Pensavamo che la malapianta del populismo fosse ormai arrivata al capolinea.
Invece non è così. Qualcuno si era illuso del voto del 25 settembre. Ovvero, essendosi più che dimezzati i consensi dei 5 stelle rispetto alle lezioni del 2018, molti pensavano che la deriva populista, qualunquista e demagogica ritornasse ad essere marginale. Invece, appunto, era solo una illusione. Il populismo, invece, è ancora presente, radicato e addirittura in crescita. Lo dicono i sondaggi ma, soprattutto, si trova la conferma negli orientamenti della pubblica opinione. E l’ultima manifestazione pacifista di Roma lo ha persin platealmente confermato. Certo, non ci sono più gli insulti triviali e squallidi del passato ma il verbo populista viene declinato in modo ancora più pericoloso. Perchè adesso sappiamo come si manifesta concretamente riproponendo, del resto, tutti i tasselli che caratterizzano questa malapianta politica, culturale ed etica.
E cioè, il populismo non ha una cultura politica. Non ha una connotazione nè di destra, nè di sinistra e nè di centro. Non a caso, oggi i 5 stelle hanno scoperto di essere una “sinistra per caso”, avendo sposato un impianto seccamente assistenzialista e pauperista. Non avendo una cultura politica definita e chiara – questo è l’aspetto decisivo di ogni populismo – anche nella politica estera possono assumere decisioni originali e disinvolte. E, ad esempio, dopo aver condiviso e votato convintamente tutti gli atti parlamentari finalizzati ad aiutare concretamente il popolo ucraino, adesso riscoprono una forte venatura pacifista. Senza battere ciglio, come ovvio e scontato. Senza alcuna discussione e senza alcun approfondimento politico. Ovvero, una politica estera “à la carte”. Per non parlare delle alleanze e della costruzione delle varie coalizioni. E questo sia per il livello locale e regionale e sia per quello nazionale. Tutto è reversibile e tutto è mobile. E qui interviene un altro tassello fondamentale del populismo: ovvero la prassi trasformistica come criterio di fondo per ogni scelta politica inerente, ad esempio, la definizione delle alleanze. E anche su questo versante è appena sufficiente prendere atto del comportamento concreto che il partito di Conte e di Grillo hanno mantenuto nella scorsa legislatura. Appunto, a destra come a sinistra e con i tecnocrati non c’è alcuna differenza politica, culturale e programmatica. Le alleanze, cioè, sono intercambiabili e prive di alcuna valenza politica.

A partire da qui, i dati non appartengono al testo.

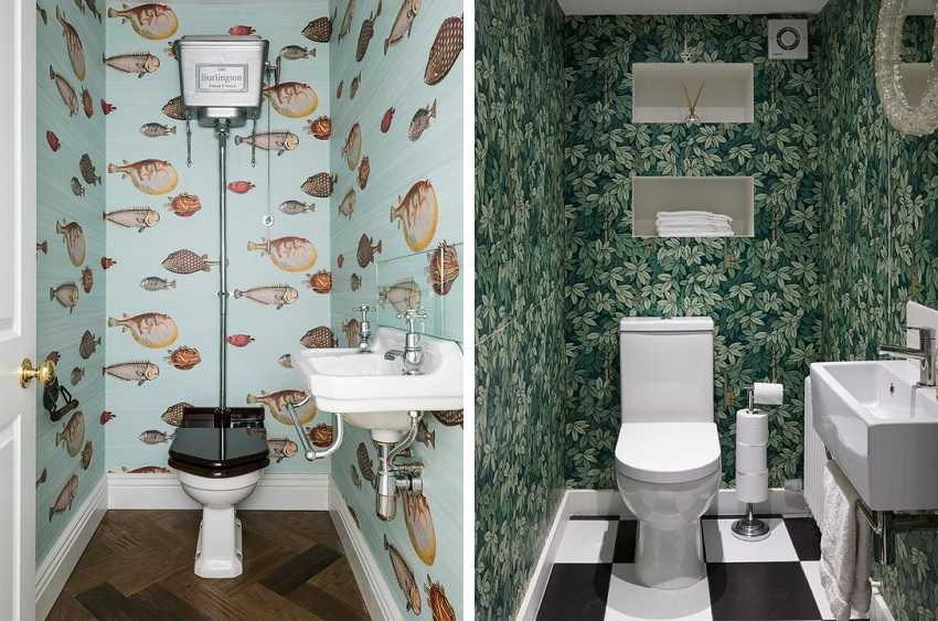 На фото слева туалет с разным типом отделки. Используется сочетание обоев с крупным растительным узором и плиткой.
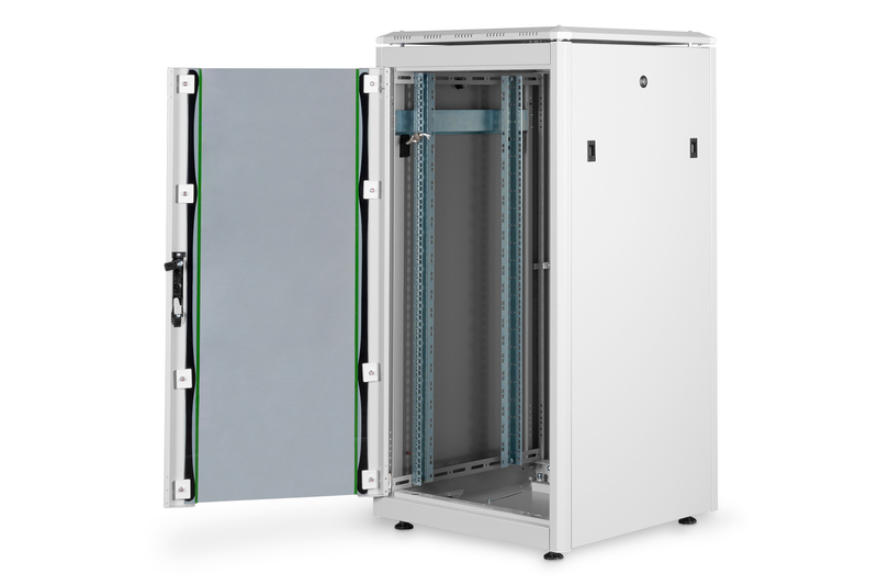 • caractéristiques: 1,5 mm de tôle en acier solide • construction modulaire avec cadre en aluminium • cadre très stable grâce à une technique spéciale de pliage de tôle • angle d’ouverture de la porte: 120° , porte avant et arrière • charnière de porte facilement changeable • dispositif d’aération du toit pour l’accueil des tôles du ventilateur • rails profilés 19″ montés à l’avant et à l’arrière de la baie • rails profilés 19″ à profondeur variable • rails profilés 19″ avec inscription U • pieds de nivellement pour un montage et un positionnement sûrs • plusieurs points de mise en terre dans la baie pour les composants du montage

Gli esempi si potrebbero moltiplicare ma è del tutto inutile per rendere l’idea. Il populismo, cioè, vive come prima e forse più di prima. Quello che conta rilevare è che esiste un massiccio segmento di opinione pubblica che condivide una prassi politica che mina alla radice la qualità della nostra democrazia, la credibilità delle istituzioni democratiche e l’efficacia della stessa azione di governo. Una prassi e un metodo che confliggono con la democrazia dei partiti, con il valore delle culture politiche, con la qualità e l’autorevolezza della classe dirigente e con un minimo di coerenza e di lungimiranza della politica. Cioè, tutto si può fare e tutto si può negare. Anche nell’arco di pochi giorni.
Ora, di fronte ad un fenomeno del genere – appunto, il populismo demagogico, qualunquista e anti politico – è quantomai necessario emarginare politicamente questa malapianta. Purtroppo, si deve prendere atto, e per l’ennesima volta, che la sinistra storica italiana, ossia il Pd, continua a vedere in questo partito populista l’alleato decisivo e strategico per costruire una prospettiva politica progressista nel nostro paese. Le motivazioni di questa scelta politica restano misteriose – se non prendere atto che c’è una comune condivisione politica e valoriale tra i due partiti – ma sono sul tappeto. E, di fronte a questo scenario, ogni sincero democratico ha il compito e il dovere di isolare questa deriva populista, trasformista e profondamente diseducativa sotto il profilo politico e culturale. E questo perchè il populismo non può continuare a condizionare in modo decisivo il futuro del sistema politico italiano. Per il bene della nostra comune convivenza democratica.